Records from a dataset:
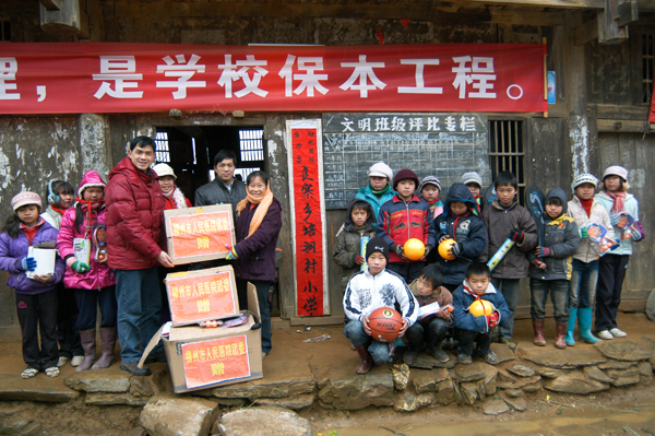 1月18日,保衛科干事成文虎和黨辦干事鐘計鋒代表醫院將全院職工捐贈的2400多件共70多個大編織袋御寒衣物送達融水縣良寨鄉培洞村,幫助村民度過隆冬。
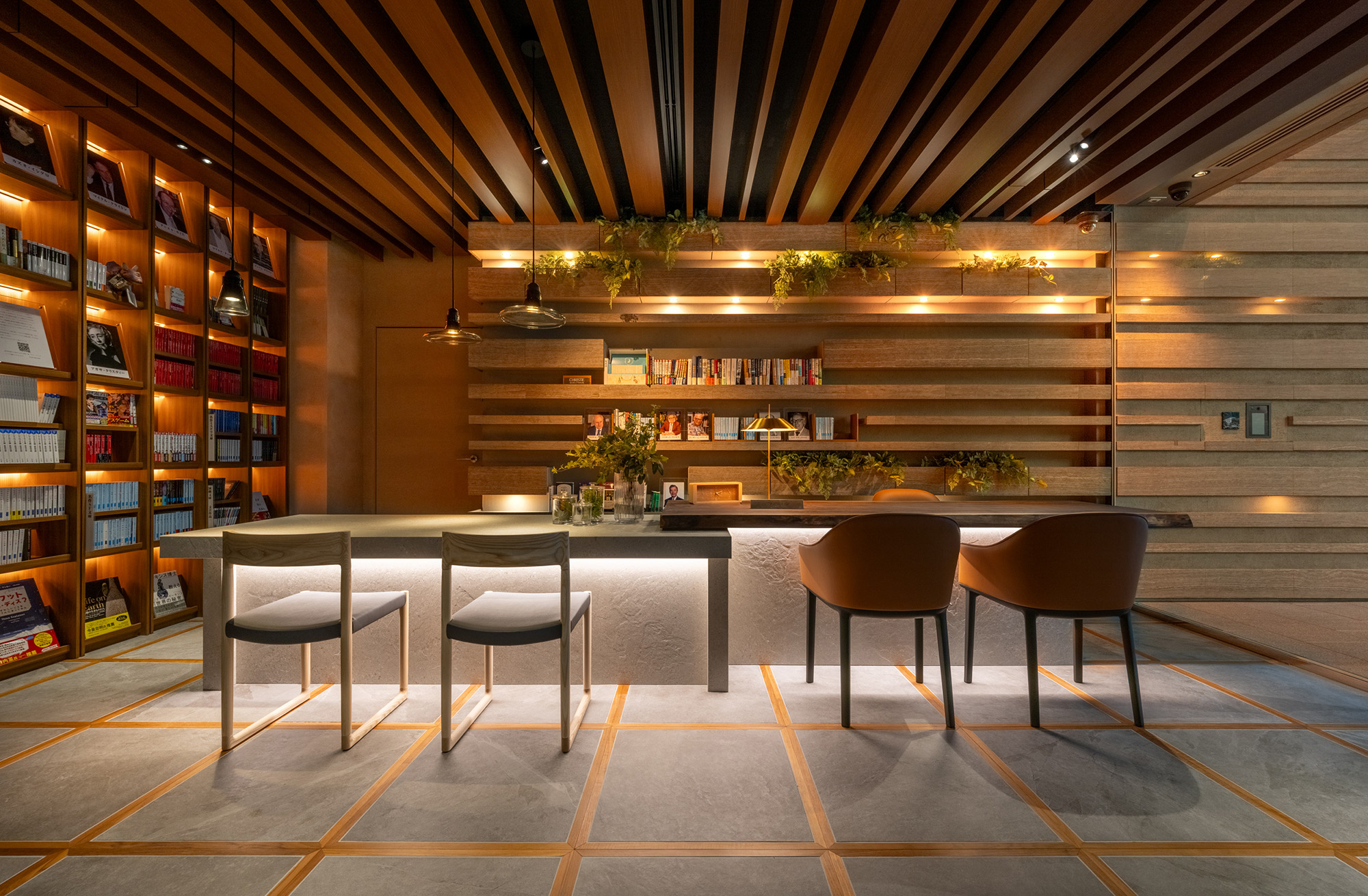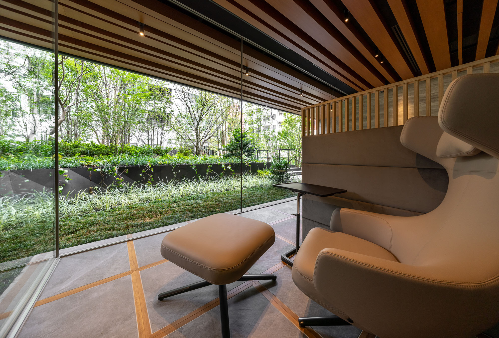 完全なる個室ではなく、植栽のパーテーションで適度に外部とつながり、緊張感を持つことで集中できるホテルのロビーやカフェのような1人用デスクのある空間です。
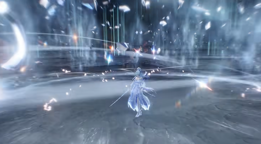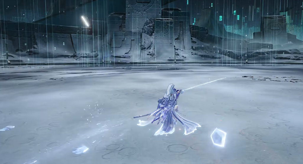 其终极技能为「霜魄临界」,开启后进入冰雪强化状态。期间所有攻击附加冰属性伤害,并额外生成多段冰山坠击,对大范围目标造成高频AOE。技能全程释放速率快、动画帧数紧凑,可持续维持高爆发输出节奏;终结技为收刀式斩击,拥有全技能中最高的基础倍率,兼具视觉表现与实战杀伤力。
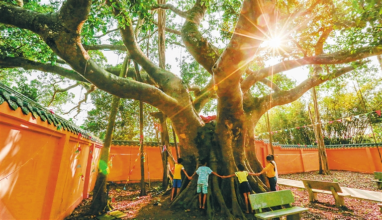 在海口市石山镇福安村道崖村民小组,有一棵树龄为240多年、平均冠幅为73米的高山榕,在海口市第二次古树名木资源普查中,此树为最大冠幅古树。近日,海口市古树名木资源普查工作通过验收,海口共有1684株古树名木,其中包含94株名木。这次普查摸清了海口古树名木“家底”,为今后开展古树名木资源保护和利用提供了科学依据。
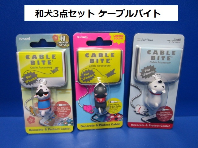 - 和犬3点セット DREAMS ドリームズ ケーブルバイト 1.シバイヌブラック 2.コマイヌ 犬 3.ソフトバンクお父さん犬 ★
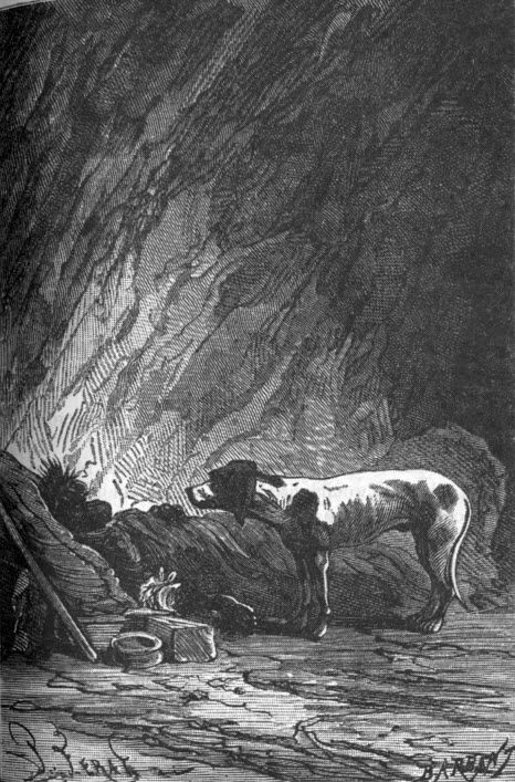 纳布和潘克洛夫把不时低低呻吟的杰普放进了升降梯。他们把它慢慢升回到“花岗石宫”,让它躺到了从床上拿下的一个垫子上,小心地洗干净它全身的伤痕。杰普并没有受到致命伤,只是流血过多导致身体虚弱,创口被包好之后它就开始发烧。他们按照严格规定给杰普供应饮食,如纳布所说的,“完全要像一个真正的人那样。”他们从药草箱里取出药泡成清凉的饮料喂给杰普。最初很不安静的杰普一会儿就恢复了正常呼吸,安安稳稳地睡熟了。托普经常蹑手蹑脚地探望它的朋友,大家的看护让它很满意。它非常关怀地舔着杰普露在床铺外边的手。

Assignment — Write out all the records exactly, omitting the images.

Exercise solution —
 1月18日,保衛科干事成文虎和黨辦干事鐘計鋒代表醫院將全院職工捐贈的2400多件共70多個大編織袋御寒衣物送達融水縣良寨鄉培洞村,幫助村民度過隆冬。
 完全なる個室ではなく、植栽のパーテーションで適度に外部とつながり、緊張感を持つことで集中できるホテルのロビーやカフェのような1人用デスクのある空間です。
 其终极技能为「霜魄临界」,开启后进入冰雪强化状态。期间所有攻击附加冰属性伤害,并额外生成多段冰山坠击,对大范围目标造成高频AOE。技能全程释放速率快、动画帧数紧凑,可持续维持高爆发输出节奏;终结技为收刀式斩击,拥有全技能中最高的基础倍率,兼具视觉表现与实战杀伤力。
 在海口市石山镇福安村道崖村民小组,有一棵树龄为240多年、平均冠幅为73米的高山榕,在海口市第二次古树名木资源普查中,此树为最大冠幅古树。近日,海口市古树名木资源普查工作通过验收,海口共有1684株古树名木,其中包含94株名木。这次普查摸清了海口古树名木“家底”,为今后开展古树名木资源保护和利用提供了科学依据。
 - 和犬3点セット DREAMS ドリームズ ケーブルバイト 1.シバイヌブラック 2.コマイヌ 犬 3.ソフトバンクお父さん犬 ★
 纳布和潘克洛夫把不时低低呻吟的杰普放进了升降梯。他们把它慢慢升回到“花岗石宫”,让它躺到了从床上拿下的一个垫子上,小心地洗干净它全身的伤痕。杰普并没有受到致命伤,只是流血过多导致身体虚弱,创口被包好之后它就开始发烧。他们按照严格规定给杰普供应饮食,如纳布所说的,“完全要像一个真正的人那样。”他们从药草箱里取出药泡成清凉的饮料喂给杰普。最初很不安静的杰普一会儿就恢复了正常呼吸,安安稳稳地睡熟了。托普经常蹑手蹑脚地探望它的朋友,大家的看护让它很满意。它非常关怀地舔着杰普露在床铺外边的手。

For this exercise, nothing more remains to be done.